Phased array antennas are used in a variety of commercial and military applications. Typically, these antennas include hundreds of transmit/receive radiating elements that are supported adjacent one surface of a core component. Typically, the core component is made from a thermally conductive material such as aluminum. Also supported on the core component is a plurality of ceramic chip carrier boards that support a plurality of monolithic microwave integrated circuits (MMICs), phase shifters and other components. These components generate heat which is radiated through thermally conductive standoffs that are used to support the ceramic chip carrier boards closely adjacent the core component. In previously developed systems, the core component itself is supported on a cold plate. The cold plate has internally formed channels or tubes integrally formed with it to circulate a fluid through the cold plate. The fluid helps to draw heat from the core component, which in turn enables the ceramic chip carrier boards to be cooled.
While the above arrangement has proven to be successful in many applications, it would nevertheless be desirable to provide even more efficient cooling of the ceramic chip carrier and its components. Increased cooling ability is expected to become important as phased array antennas support even greater numbers of radiating elements and associated MMICs, phase shifters, etc., that will generate even greater amounts of heat that will need to be dissipated.
Thus, there remains a need to even further improve the cooling of a phased array module using a cooling medium, but which does not significantly complicate the construction of a phased array antenna, nor which limits the number of radiating/reception elements that may be employed or otherwise interferes with mounting of the ceramic chip carrier boards on a module core component.

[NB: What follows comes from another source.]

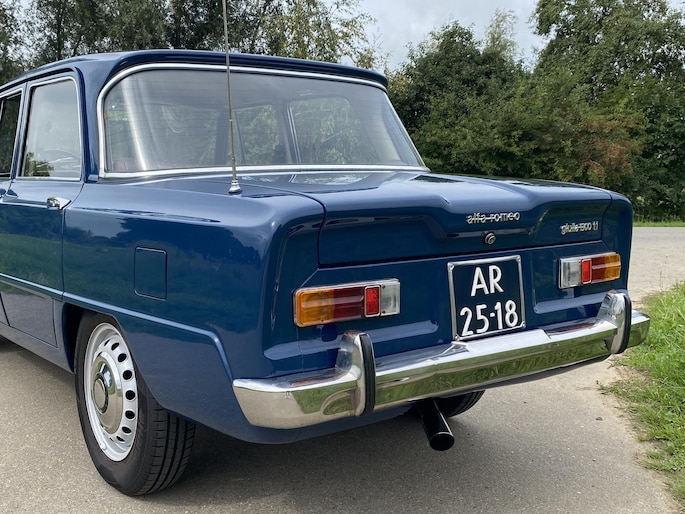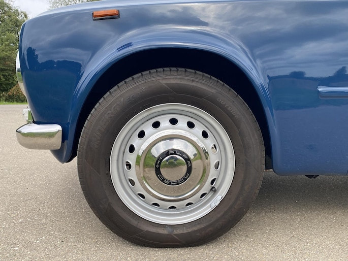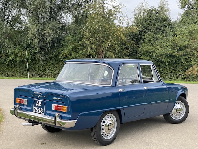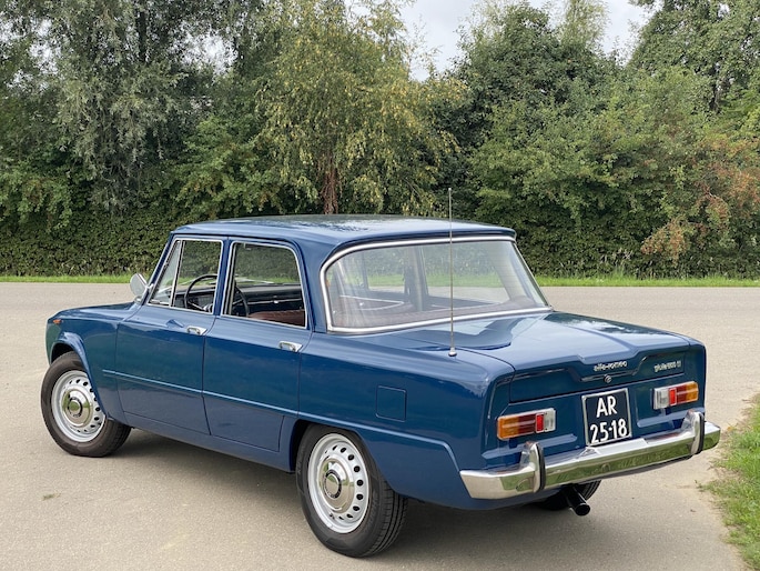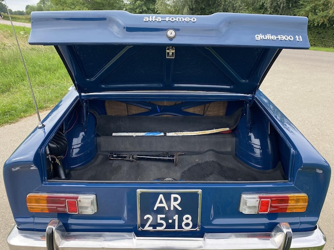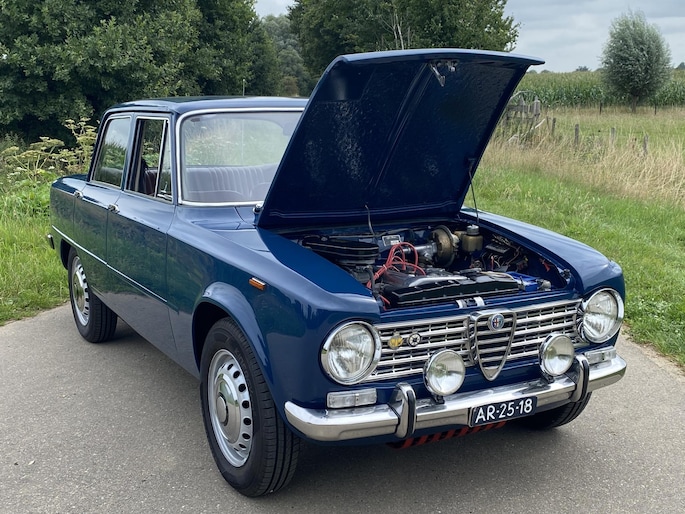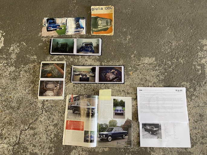 In 1966 is deze Alfa Romeo Giulia afgeleverd aan zijn eerste Italiaanse eigenaar in Farnese (Italie). Begin jaren 90 is de auto door een Nederlandse Alfa Romeo liefhebber naar Nederland gehaald met kapot motorblok maar een harde carrosserie. In 1994 stond de Giulia te koop in het clubblad van de Alfa Romeo club en kocht de laatste eigenaar de auto als hobbyproject. In 1995 starte de volledige demontage van de auto. Stapje voor stapje is er een plan gemaakt en is de auto in 1999 opnieuw gespoten in zijn prachtige blauwe kleur. De koets was dusdanig hard dat er niet aan gelast hoefde te worden. Het hele proces is vastgelegd in fotoboekjes.

The present invention is directed to a phased array antenna system in which a cooling medium is circulated through an elongated core component of the system to even more efficiently cool the electronic components of the antenna system during use. The core component also includes a leaf spring-like structure formed at a lower portion of the core component that allows the lower portion to flex slightly, relative to the remainder of the core component, when the core component is secured to a printed wiring board subassembly. This enables excellent electrical contact to be maintained with the printed wiring board subassembly along the full length of the core component.
In one preferred implementation the core component forms an elongated mandrel having both a cooling medium carrying channel formed inside, as well as a hollowed out area for allowing air to circulate within the inside area of the mandrel. The core component has a length sufficient to support a plurality of electronic component boards in side-by-side fashion, on opposing side surfaces of the mandrel.
In one preferred implementation the core component is formed from a solid block of aluminum. The leaf spring-like structure is formed by removing material from an interior area of the mandrel, as well as from opposing side portions, such that a plurality of U-shaped leaf spring-like sections of material are formed. The U-shaped leaf spring-like sections of material enable one end portion of the mandrel to be compliant and thus to flex slightly along its length as the mandrel is secured to a printed wiring board. A multi-layer flexible interconnect circuit assembly is coupled to the one end of the mandrel. The compliant section of the mandrel ensures that the multi-layer flexible interconnect circuit assembly makes excellent contact with conductive traces on a printed wiring board, along its full length, once the mandrel is secured to the printed wiring board. This ensures electrical communication between contacts on the printed wiring board and circuit traces formed on the flexible interconnect circuit assembly.
The features, functions, and advantages can be achieved independently in various embodiments of the present inventions or may be combined in yet other embodiments.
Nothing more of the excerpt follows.